§ Assignment
Down to the last line, set down the listing below exactly, apart from its pictures.

§ Source material

"""

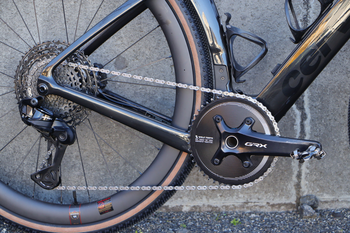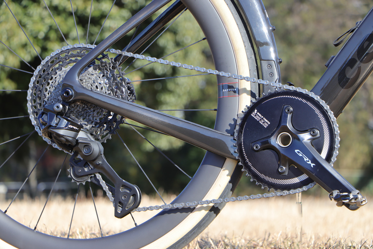 GRX RX825 RDにXTRスプロケット、GRXクランクにウルフトゥースのエアロ形状48Tシングルギアがセット photo:Makoto AYANO
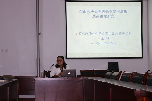 孟鸿副教授作“全面从严治党背景下基层腐败及其治理研究”的学术报告。
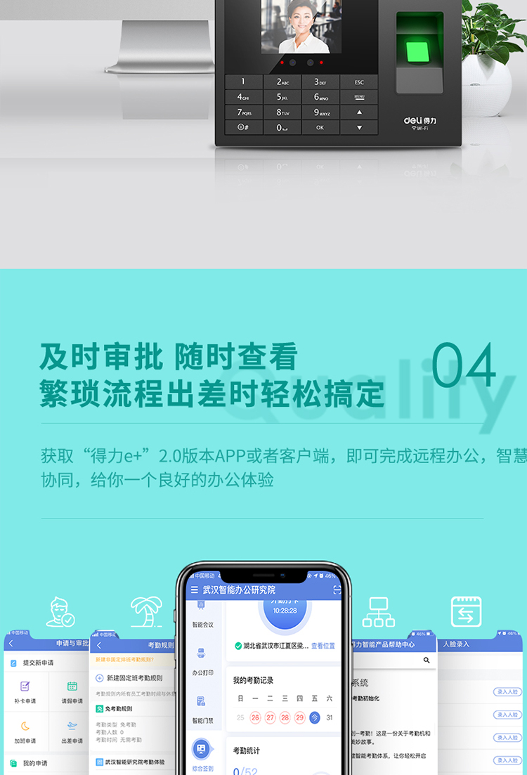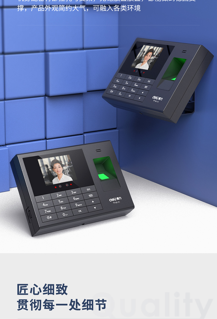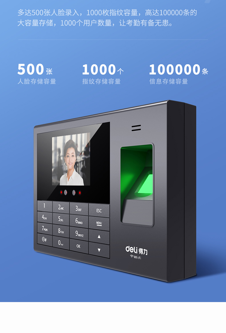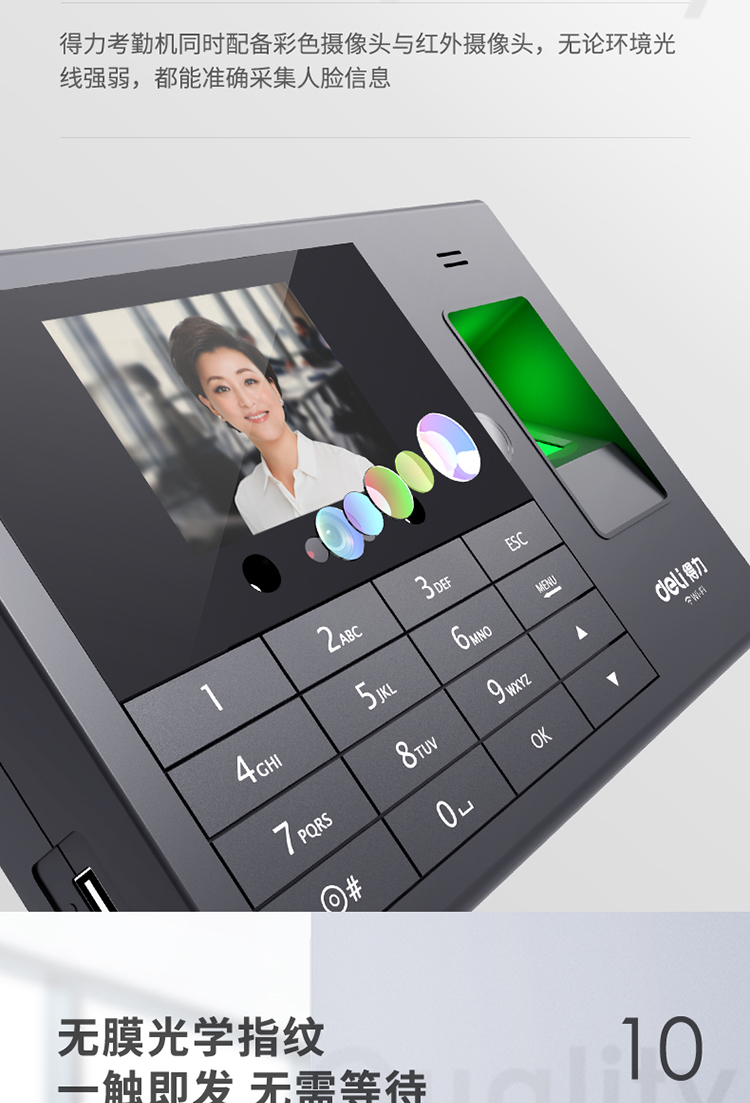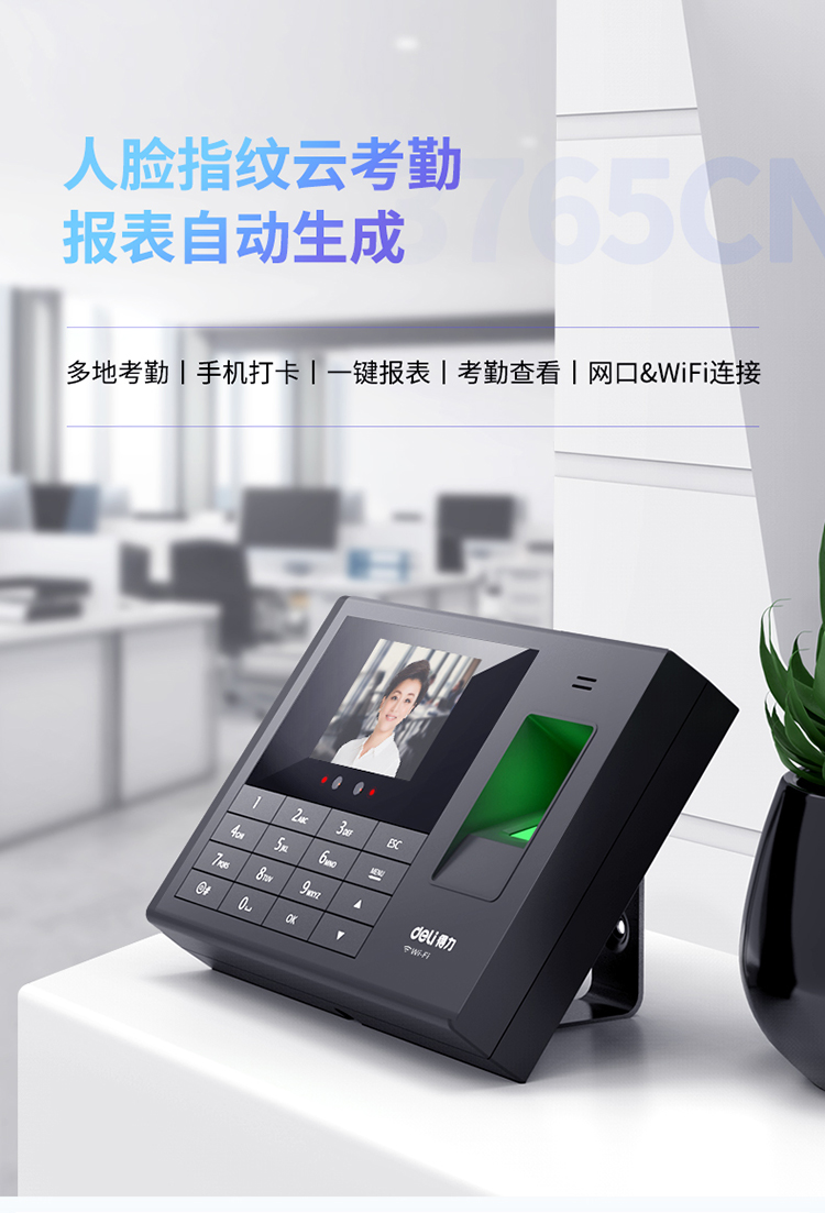 deli/得力的门禁机得力考勤机,3765人脸指纹考勤机(黑色)

"""

§ Problem solution
 GRX RX825 RDにXTRスプロケット、GRXクランクにウルフトゥースのエアロ形状48Tシングルギアがセット photo:Makoto AYANO
 孟鸿副教授作“全面从严治党背景下基层腐败及其治理研究”的学术报告。
 deli/得力的门禁机得力考勤机,3765人脸指纹考勤机(黑色)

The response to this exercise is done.